We ended up having the ceremony at Nora’s Restaurant. An Episcopalian priest, whose views were radical at that time, performed the most beautiful, magical and unorthodox ceremony I had ever seen. I might not have been religious but I loved ritual.
Over the years I struggled with what to tell Quinn about God. I couldn’t teach him but I wanted him to be exposed to religion so he could eventually choose for himself. I sent him to my parents once or twice a week to spend the night and they read him Bible stories and talked to him about God.
I didn’t want to lie to him. When he was old enough I told him I didn’t believe in God, I couldn’t, but that believing gave many people a lot of comfort. I didn’t know how much he understood or was taking in. Ben told him he believed in God but did not elaborate much on this with Quinn. We just didn’t talk about it.
“I knew you and Dad were not very religious people,” Quinn says now. “I just assumed with Dad it was going through the war. (He fought in the Pacific in WW II.) Seeing so many terrible things can either make you believe in God or take your faith away. I think when Dad saw all those Japanese jump off of cliffs, well, where is the God in that?”
As for me, he says, “I didn’t really understand that you didn’t believe in God until a few years ago. I didn’t know what ‘atheist’ meant. It’s a very harsh word, very ugly word. It’s like calling a black person the “N” word. And yet you can’t help being an atheist. We all have choices in life. Something traumatic can happen in your life to make you believe in God, like your son is dying and then he lives. It can change your mind. But most of the time you believe what you believe. You can’t really change that.”

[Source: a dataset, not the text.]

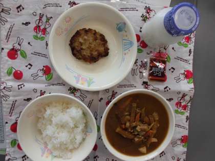 豚汁 キャベツ入りつくね ごはん 牛乳

Quinn continued: “In a way now, I think everyone is agnostic. Some people say that they aren’t because they believe. But you can’t know for sure because nobody’s ever seen God.”
My son says he remembers my telling him that I was happy for him that he believed in God “if it gives you comfort.” But sometimes, he adds, “it was hard for me knowing that you didn’t believe in God. I would think that because of all the difficulties that I’ve been through that you might. Then again, I almost died. What kind of God makes your son almost die?”
All his medical and learning problems, Quinn says, has made him think that “everything happens for a reason. Maybe it’s God’s plan for me to go through this because I can handle it. We are strong enough to deal with it.”
With great trepidation, I asked him if he was angry at Ben or me for not giving him a real religious education.
“Not at all, “he said. “I’m happy the way I was brought up religiously. If you had taught me there was only one thing I was supposed to believe then I wouldn’t have options. You taught me I could believe in anything I wanted to believe. I could choose what I wanted to believe in. In a way, believing in God is like having a girlfriend that you love and care about. You feel safe with her. You feel safe with God , the way you would with your girlfriend. When you get married she will be with you in sickness and in health. That’s what I believe God will do when I’m going through the hard times of life.”
Quinn does not go to church but he does meditate. And he is, if I may say this as his mother, the kindest, most loving, most affectionate person I have ever known. He has more integrity than anyone I know. He has never lied, and he is completely without malice. That’s saying a lot in such a cynical town as Washington, D.C.
I asked Quinn what he thinks about my new venture in religion as a moderator of “On Faith.”
“Well,” he says with a mischievous grin, “you started out as an atheist. Now you’re a free thinker. I think you’re on your way to believing in God.”